Monseigneur Heiner Wilmer, évêque de Münster et Président actuel de la Conférence épiscopale allemande (DBK), a reçu la Sainte Communion des mains d’une femme laïque lors d’une Sainte Messe

LIEN
images/icones/flagD.gif  ( 999536 )A propos de Mgr Wilmer par Jean-Paul PARFU (2026-05-22 20:57:13) 
[en réponse à 999526]

Le Père Heiner Wilmer est le second Allemand à avoir été élu à la tête des pères du Sacré-Cœur, congrégation fondée en 1878 par un Français.

Le 6 avril 2018, le pape François le nomme évêque de Hildesheim. Il considère Eugen Drewermann comme un prophète, alors que ce dernier a quitté l'Église catholique en 2005 pour ses positions contraires à la foi chrétienne. Il a voté pour le texte de la voie synodale allemande en faveur d'une réforme de l'enseignement sexuel catholique.
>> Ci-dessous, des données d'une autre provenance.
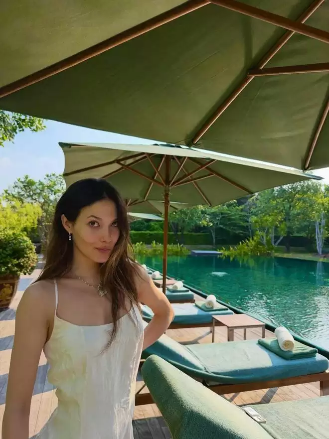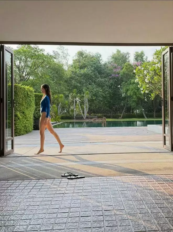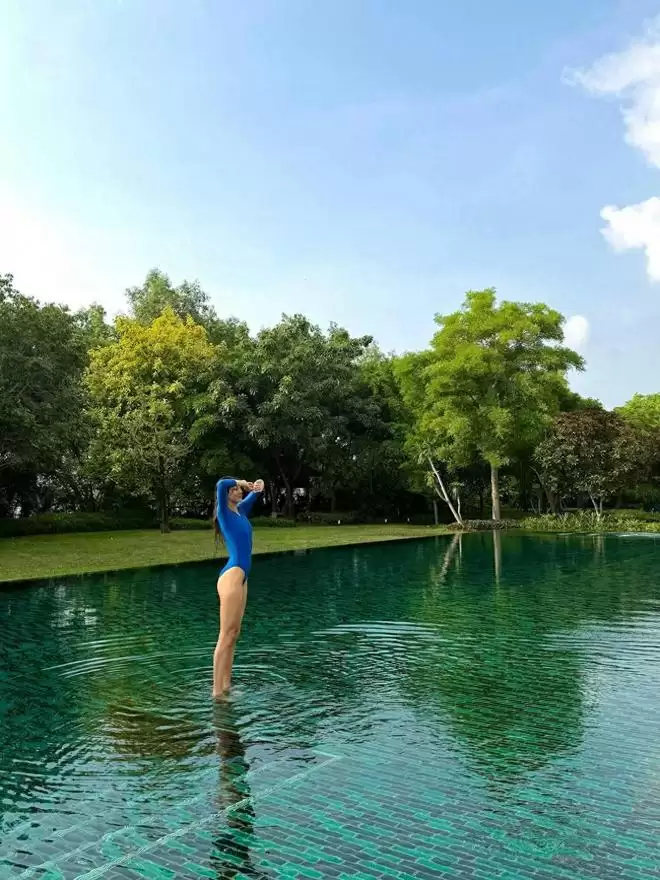 从照片背景推断,目的地颇具泰国度假胜地的特色:青山环绕,碧水白沙,环境静谧宜人。姐妹俩显然避开了拥挤的游客区,选择在私密性极高的度假村内享受宁静时光。来到东南亚,“阳光沙滩”是经典主题,谷爱凌也大方分享了多张泳装照,展现出运动员独有的健美体态。年轻、健康、身材匀称——这些优势在镜头下格外醒目。其中一张照片尤为吸睛:她身着蓝色连体泳衣,刚从泳池上岸,发丝湿润,舒展身姿的瞬间,其高挑身材与修长双腿成为画面焦点。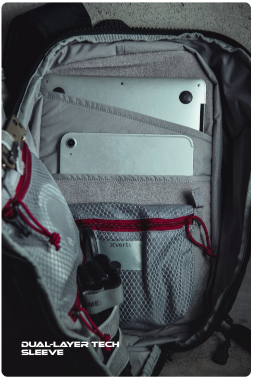 • Dual-layer laptop sleeves protect multiple devices; lower sleeve is loop-lined for Tactigami and other hook-and-loop accessories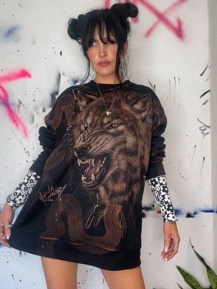“SHE WOLF” CUSTOM BLEACH PAINTED SWEATER SIZE XL
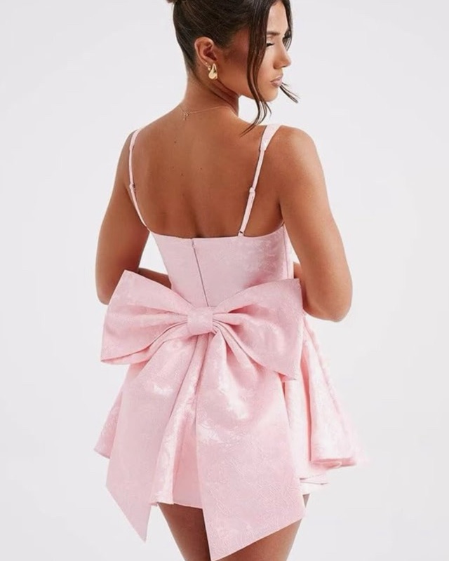 Cute for bday party, brunch, costumes, or to wear out! Handmade satin dress with removable bow and adjustable straps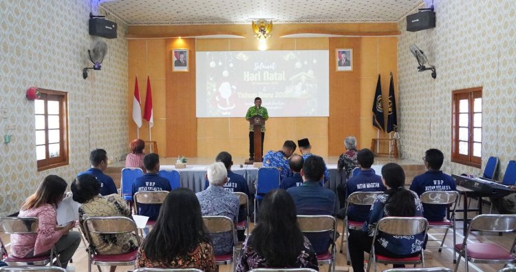 MAGETAN - Rutan Kelas IIB Magetan, Kantor Wilayah Direktorat Jenderal Pemasyarakatan Jawa Timur, menggelar Perayaan Natal 2025 dan Tahun Baru 2026 bagi Warga Binaan Pemasyarakatan (WBP) yang beragama Kristen, Rabu (17/12/2025). Kegiatan tersebut berlangsung dengan khidmat di Aula Rutan.

Le 24 février 2026, il succède à Georg Bätzing comme président de la Conférence épiscopale allemande. Le 26 mars 2026, il est nommé évêque de Münster.
images/icones/iphone.jpg  ( 999558 )Ce n’est pas l’information la plus grave par Signo (2026-05-23 08:00:01) 
[en réponse à 999526]

Je cite l’article :

Les images montrent également qu’immédiatement après monseigneur Wilmer, Anna-Nicole Heinrich, présidente du XIIIe Synode de l’Église évangélique en Allemagne (EKD), la principale organisation protestante du pays, reçoit également la communion.
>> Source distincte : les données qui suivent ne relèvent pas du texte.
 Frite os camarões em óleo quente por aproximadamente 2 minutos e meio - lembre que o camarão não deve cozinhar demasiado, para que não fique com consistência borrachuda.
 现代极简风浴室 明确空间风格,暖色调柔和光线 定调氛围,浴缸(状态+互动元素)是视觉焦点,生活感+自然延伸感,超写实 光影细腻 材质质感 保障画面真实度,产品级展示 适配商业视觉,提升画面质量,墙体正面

En présence du président de la conférence épiscopale et d’une grande partie de l’épiscopat allemand…

Or on sait déjà que Rome ne dira rien.

Or le dicton populaire « qui ne dit mot consent », n’est pas simplement une vérité psychologique, c’est aussi un principe juridique qui crée un précédent. Une pratique illégale tolérée de manière répétée, jamais sanctionnée, cesse au bout d’un moment d’être illégale. L’absence de sanction fait que la règle tombe en désuétude. Le laxisme crée une jurisprudence.

Donc ce à quoi nous assistons en réalité, c’est à une normalisation de l’intercommunion avec les protestants dans l’Eglise catholique, ni plus ni moins.
images/icones/bravo.gif  ( 999560 )On ne saurait mieux dire par Pétrarque (2026-05-23 08:44:27) 
[en réponse à 999558]


Donc ce à quoi nous assistons en réalité, c’est à une normalisation de l’intercommunion avec les protestants dans l’Eglise catholique, ni plus ni moins.



C'est exactement pour cela que la nouvelle messe a été fabriquée.

Ils ont le mérite d'une pleine cohérence.

Ayons-le nous aussi !
images/icones/flagD.gif  ( 999566 )Comprendre la situation allemande par Jean-Paul PARFU (2026-05-23 09:50:04) 
[en réponse à 999526]

C'est l'univers culturel qui règne en Allemagne qui explique cet état d'esprit des évêques allemands ou de la plupart d'entre eux.


1) En Allemagne :

- un couple sur deux est un couple "mixte" protestant-catholique ;

- il n'y a pas une cérémonie publique, officielle, locale ou nationale, dans cet Etat confessionnel, sans présence des autorités religieuses, catholiques et protestantes, et donc bien souvent sans cérémonies œcuméniques. Les prêtres et les évêques rencontrent ainsi continuellement leurs homologues luthériens ;

- la CDU et la CSU, les partis chrétiens-démocrates et chrétiens-sociaux, sont composés de Catholiques et de Protestants, contrairement à l'ancien "Zentrum", de la période Bismarckienne, Wilhelminienne et de la République de Weimar, qui était le parti catholique allemand.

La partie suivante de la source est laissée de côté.